Tribunal Administratif de Limoges — Décision N° TA87-2100272

jeudi 12 octobre 2023

JuridictionTribunal Administratif de Limoges
SectionTribunal Administratif de Limoges
N° DossierTA87-2100272
TypeDécision
RecoursExcès de pouvoir
Formation2ème chambre
Avocat requérantROUX

Texte intégral

Vu la procédure suivante :

Par une requête enregistrée le 12 février 2021, M. A D C, représenté par Me Roux, demande au tribunal :

1°) d'annuler la décision du 15 octobre 2020 par laquelle la directrice territoriale de Limoges de l'Office français de l'immigration et de l'intégration (Ofii) a rejeté sa demande de bénéfice des conditions matérielles d'accueil ;

2°) d'enjoindre à l'Ofii de lui accorder le bénéfice des conditions matérielles d'accueil dans un délai d'un mois à compter de la notification du jugement à intervenir, sous astreinte de 100 euros par jour de retard ;

3°) de mettre à la charge de l'Ofii une somme de 1 794 euros à verser à son conseil au titre des articles 37 de la loi du 10 juillet 1991 et L. 761-1 du code de justice administrative, sous réserve de renonciation au bénéfice de l'aide juridictionnelle.

Il soutient que :

- la décision n'est pas suffisamment motivée ;

- elle est entachée d'un vice de procédure tenant au défaut d'entretien tendant à l'évaluation de sa vulnérabilité ;

- elle est entachée d'une erreur de fait et d'un défaut d'examen sérieux et complet de sa situation.

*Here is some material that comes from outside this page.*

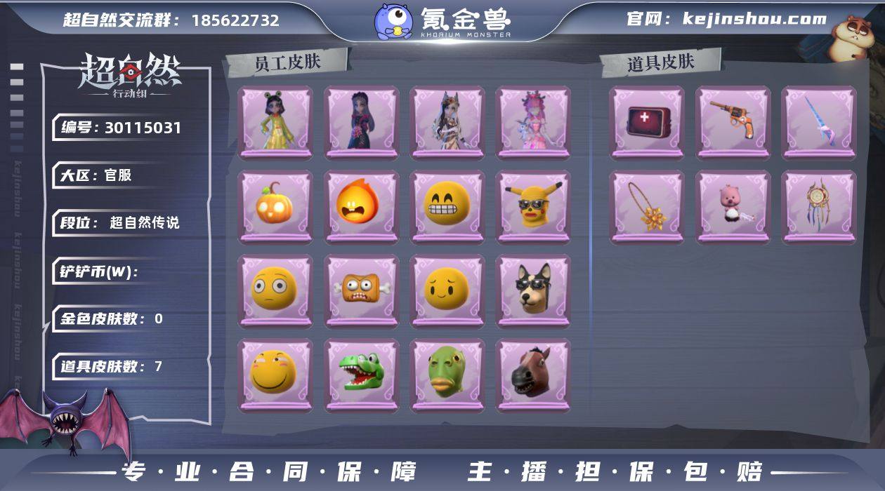 红色皮肤数量:0 金色皮肤数量:0 紫色皮肤数量:4 道具皮肤数量:7 卖家说:有情公主 白光莹 最后的独角兽 花落精绝 赞萌露比水枪 鸣沙鼓 乘风溯雪 新星时代 蔷薇物语 5个金色动作 7个工牌

Par un mémoire en défense, enregistré le 26 juin 2023, l'Office français de l'immigration et de l'intégration conclut au rejet de la requête.

Il soutient que :

- les moyens soulevés sont inopérants du fait de la situation de compétence liée dans laquelle se trouvait l'Ofii ;

- les moyens sont infondés.

Par une ordonnance du 19 juin 2023, la clôture de l'instruction a été fixée au 5 juillet 2023 à 17h00.

M. C a été admis au bénéfice de l'aide juridictionnelle totale par une décision du 16 décembre 2020.

Vu les autres pièces du dossier.

Vu :

- le code de l'entrée et du séjour des étrangers et du droit d'asile ;

- la loi n° 91-647 du 10 juillet 1991 ;

- le code de justice administrative.

Le président de la formation de jugement a dispensé le rapporteur public, sur sa proposition, de prononcer des conclusions à l'audience.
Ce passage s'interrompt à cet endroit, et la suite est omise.